Entre la radicalité adoucie de façon purement factice, la malhonnêteté compulsive et le délire césariste de celui qui n'a pas compris que la France n'est pas un pays d'amérique du Sud, il reste donc l'incantation d'un homme de 39 ans qui abreuve de mots et de jolies phrases plutôt que tracer clairement un dessin. Ce wikende passé en famille a permis de débattre de tout cela et le désarroi est perceptible chez tout le monde : on sait pour qui on ne votera pas mais entre Macron, Fillon et Mélenchon, rien ne suscite l'adhésion.

Voilà ce que récolte un pays qui a joué au punching ball avec un Président démonétisé plus rapidement que n'importe quel autre, qui s'enflamme pour des combats qui sont autant de feux de paille, qui aime à se détester sur des luttes de castes ou des jalousies soudaines alors que l'enjeu est ailleurs. Le quinquennat est vraiment la pire des choses et les primaires l'accompagnant sont furieusement délétères en ce que l'articulation des deux conduit à la faillite d'un régime qu'une sixième République aux contours incertains ne saurait compenser. C'est d'ailleurs cocasse de noter qu'on targue Macron d'imprécision quand le programme de Mélenchon est on ne peut plus flou sur la politique étrangère ou la mise en oeuvre de nouvelles institutions [les bons juristes semblant faire défaut au camp de la France insoumise ... nous exposant dès lors à un coup d'Etat institutionnel évident]. Alors oui, on peut promettre des augmentations du Smic fantaisistes en mettant la sourdine sur les augmentations massives des impôts et le retour désastreux d'une inflation qui sanctionnera les plus modestes ... Oui, on peut agiter les fantasmes comme Marine Le Pen qui coche les cases des mots à employer dans ses discours quitte à se contredire d'une journée à l'autre.
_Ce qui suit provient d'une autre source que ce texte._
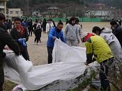 今春卒業したお子さんたちと中学2年生の先輩たち,そしてその保護者の方々がたくさん集まってくださいました。ビニルハウスを外し,みんなで草取りし,その後,枯れてしまった『お茶の木』の植え替えをしました。作業もさることかがら,これまでの交流の度合いが深いことから,思い出話やら,中学校生活のことやら・・・,いろいろな所で話が盛り上がっていました。
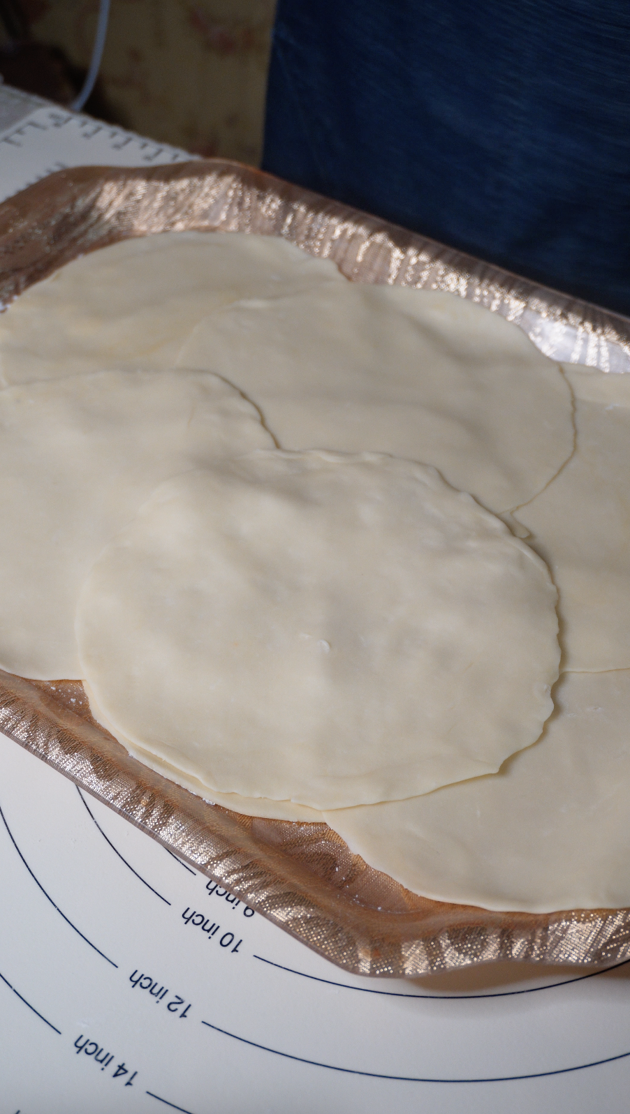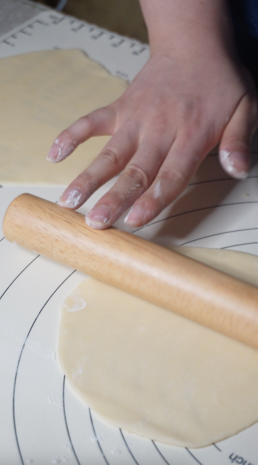 숙성이 끝난 반죽을 일정한 크기로 등분해 둥글린 뒤, 밀대로 얇게 밀어 동그란 원형을 만들어 주세요.
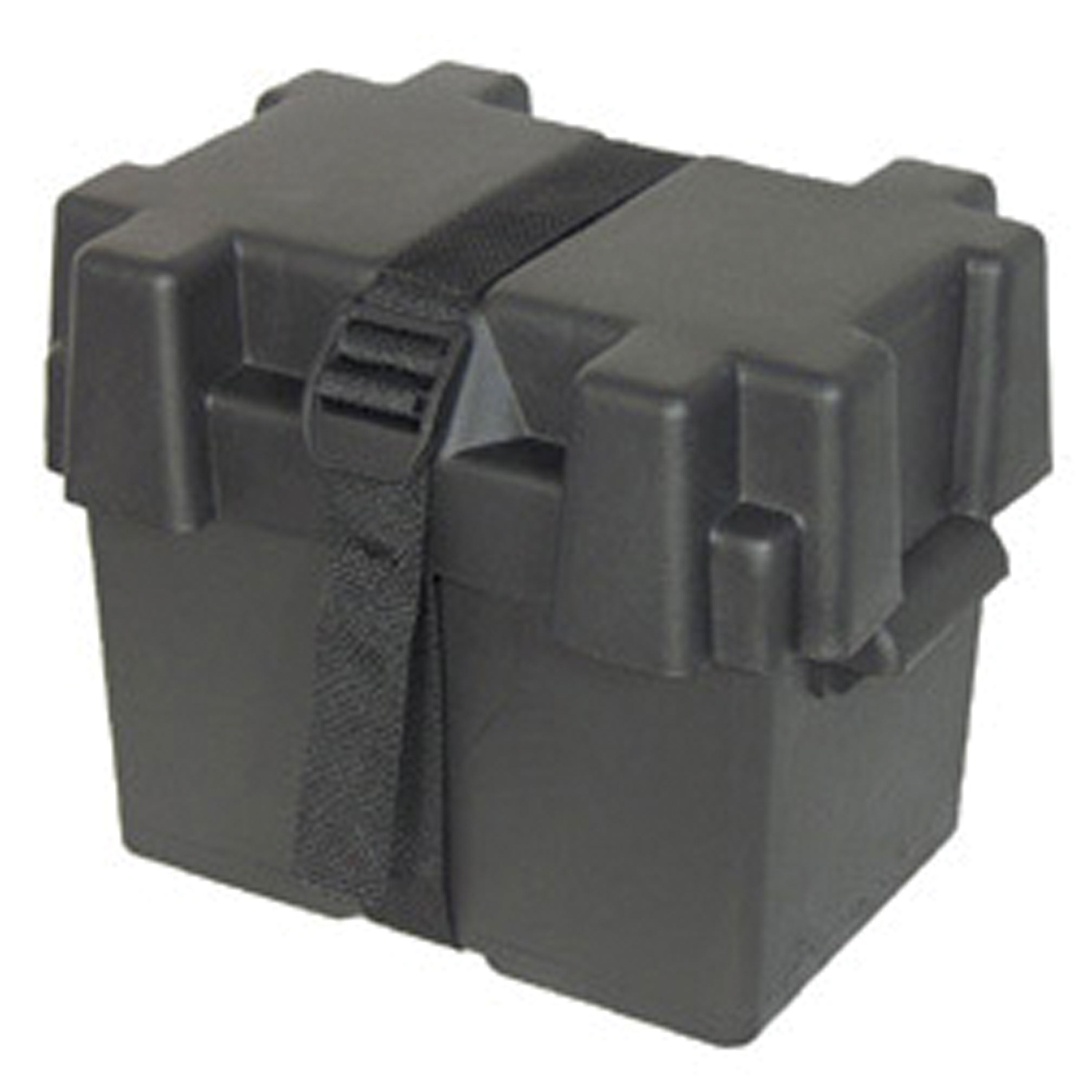 New larger capacity! Vented black battery box for Series 27 batteries. (10-1/2" maximum height). Battery boxes meet ABYC Standard E-10 and U.S. Coast Guard Specification Number 183.420 as an OEM-installed battery hold-down system. Polypropylene construction for total acid resistance. Hold-down straps resist 350 pounds of force, nearly four times the USCG requirement. Battery Boxes are drop tested in temperatures ranging from -20 °F to +120 °F. Mounting hardware is included.

On peut aussi promettre du sang et des larmes pour redresser le pays alors qu'avant même d'avoir à exercer le pouvoir les #rendsl'argent s'accumulent et que la parole ne vaut plus tripette. Devant un tel désastre, forcément, Emmanuel Macron même inconsistant à certains égards ne peut que s'imposer comme le seul choix raisonnable. 

emmanuel MACRON

Oui parce que pour mon pays, j'ai envie de raison et non de délires aventureux, de croisades personnelles et bornées quand il ne s'agit pas d'un sectarisme népotique. Finalement, en regardant clairement les choses, la solution est toute trouvée. Et qu'on ne me balance pas que Macron est un suppôt de la finance, Georges Pompidou ayant eu un parcours plus clair dans les banques d'affaires sans que cela n'offusque le quart de la moitié de ceux qui grommellent aujourd'hui [surtout à droite].
Le pire dans tout ça, c'est que la soirée électorale de dimanche sera clairement l'une des plus incertaines qui soit, à l'image de celle qui permit de savoir si la France ratifiait le traité de Maastricht en 1992.
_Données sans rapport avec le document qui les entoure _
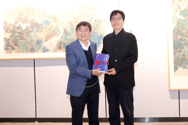 章剑华向砚湖美术馆赠送其最新创作的作品——长篇纪实文学《向苍穹——中国天文发展三部曲》,该书用文学的样式记录天文航天科学事业的发展历程和丰硕成果,被天文学家称为我国第一部天文学的文学通史,正是艺术与科学结合的产物。施大宁代表学校接受了赠送。多位校友和老师向砚湖美术馆捐赠了作品,刘宇雷为校友及教师代表颁发捐赠证书。

Et à ce jeu là, rien ne dit que l'électeur demeure maître du jeu, rien ne permet de se dire que le résultat du premier tour ayant vocation à qualifier les deux finalistes ne soit pas un jeu de massacre à l'issue duquel les désillusions seront sinon aussi déroutantes qu'en 2002, en tout cas vertigineuses. Le PS n'existe déjà plus, la gauche devra se trouver un champion ... et je suis horrifié d'avoir à envisager qu'il me faille choisir entre Mélenchon et Le Pen. Quatre fantastiques pour deux places, ça fera très mal chez ceux qui n'auront pas de ticket pour le 7 mai ... très mal au point que le renouvellement est probablement pour maintenant, sonnant le glas d'une ivresse dont la France ne peut davantage se payer le luxe.
L'essentiel est finalement d'aller voter : la droite va mobiliser son électorat en dernière minute et je pense que Fillon n'est pas aussi bas qu'on le pense. Mélenchon devrait ne plus continuer son numéro de claquettes. Le Pen est à bout de souffle mais ses troupes sont les plus sédimentées. Macron sera le vote refuge, par nature insatisfaisant, mais c'est là l'inconnue majeure du scrutin : à combien finira-t-il ?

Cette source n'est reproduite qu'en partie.